Periphery Engineering and Heteroatom Incorporation of Polycyclic Aromatic Hydrocarbons

Abstract

Nanographenes(NGs) and polycyclic aromatic hydrocarbons(PAHs), both finite forms of graphene, are promising organic semiconducting materials because their optoelectronic and magnetic properties can be modulated through periphery engineering or heteroatom incorporation. Several atomically precise edge modification or heteroatom incorporation have been explored by bottom-up synthesis; however, no systematic elucidation of these modulations at the molecular level has been reported. Herein, we present rationally designed modular syntheses of isomeric dibenzoixenes with diverse molecular peripheries and boron-nitrogen(BN) embedded contorted hexabenzocoronene (c-HBC). The single-crystal structures of dibenzo[a,p]ixene and dibenzo[j,y]ixene reveal enantiomeric pairs with helically twisted cove edges and packing structures. The molecular edge structures are identified from the C–H bonds of the dibenzoixenes using Fourier transform infrared (FTIR) spectroscopy with different vibrational modes, which were further explained using density functional theory (DFT) calculations. Electron spin resonance (ESR) spectroscopy indicates that the zigzag-edged molecular periphery significantly affects the magnetic properties of the material.
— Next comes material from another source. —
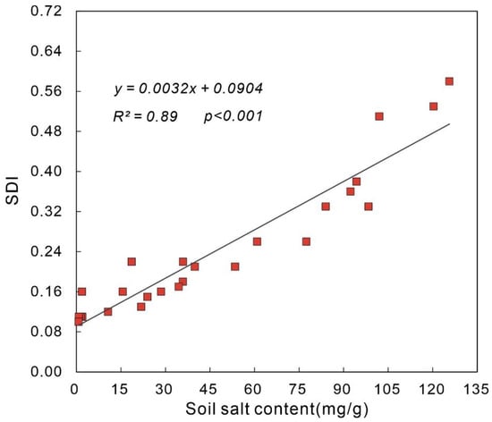 In this study, we established a new SDI by integrating the SI, albedo, NDVI and LSM indices based on the PCA method. The SDI was used to explore the land degradation characteristics for a typical salinized area, i.e., the ADD. We found that the regions with extreme land degradation were mainly distributed downstream and at the periphery of the ADD (Figure 4). The SDI-based results supported previous findings that the ecological risks and vulnerabilities are higher in the downstream and peripheral regions of the ADD [,], thereby demonstrating that the SDI can reflect the land degradation conditions of the ADD. To further evaluate the effectiveness of the proposed SDI, we evaluated its effectiveness by field survey data (Figure S1 and Table S1). The relationship between the SDI and soil salt content shown in Figure 12 indicates that the soil salt content was significantly positively correlated with the SDI (R2 = 0.89, p < 0.001). The relationships between the four indices derived from Landsat imagery in 2019 and field-measured soil salinity are also presented in Figure S2. There was a positive correlation between the SI, albedo and measured soil salinity (R2 = 0.41 and 0.43, respectively) and a negative correlation between the NDVI, LSM and measured soil salinity (R2 = 0.29 and 0.19, respectively). In contrast to the single indices, the SDI showed a stronger agreement with the measured soil salinity. In general, although the land degradation is influenced by multiple aspects of the environment, this positive correlation suggests that the SDI can capture the salinity features pertaining to the land degradation, which provides potential evidence for the effectiveness of the index in monitoring the land degradation in salinized areas. In addition, the SI extracted from the remote sensing data exhibits a positive correlation with the SDI (Figure 3). The reliability of the SDI is also reflected in the other three indicators. High vegetation cover and sufficient soil moisture reduce the risk of land degradation, and this finding is supported by the negative correlation between the SDI and NDVI and LSM in our study (Figure 3). An increase in the albedo values leads to a higher SDI, which is related to the exposure information represented by the albedo and may be attributed to a strong coupling between the soil salinity information and albedo (Table 1 and Figure 3). These characteristics have also been reported previously []. These results indicate that the SDI can help reliably and efficiently monitor the land degradation of salinized areas. In addition, the SDI is composed of accessible remote sensing indicators and can thus be extended to other similar ecological environments [,,].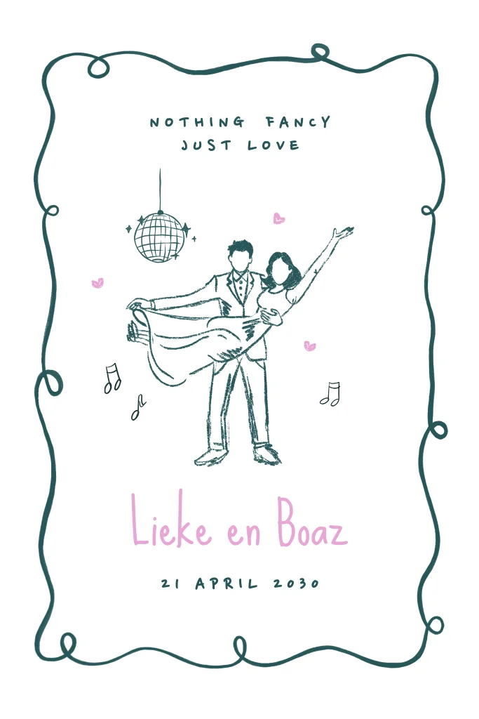 Een vrolijke trouwkaart met een illustratie van een dansend bruidspaar. Het kader geeft deze kaart een speelse uitstraling. Personaliseer jullie uitnodiging eenvoudig in onze online editor.

Furthermore, the electrochemical characteristics, examined using dibenzoixenes as anode materials in lithium-ion batteries (LIBs), reveal that the dibenzo[a,p]ixene exhibits promising lithium (Li) intercalation behavior, achieving a specific capacity of 120 mAh g–1. The findings of this study could facilitate the synthesis of larger 𝜋-extended systems with engineered molecular peripheries or incorporated heteroatoms, and potential application in organic electronics.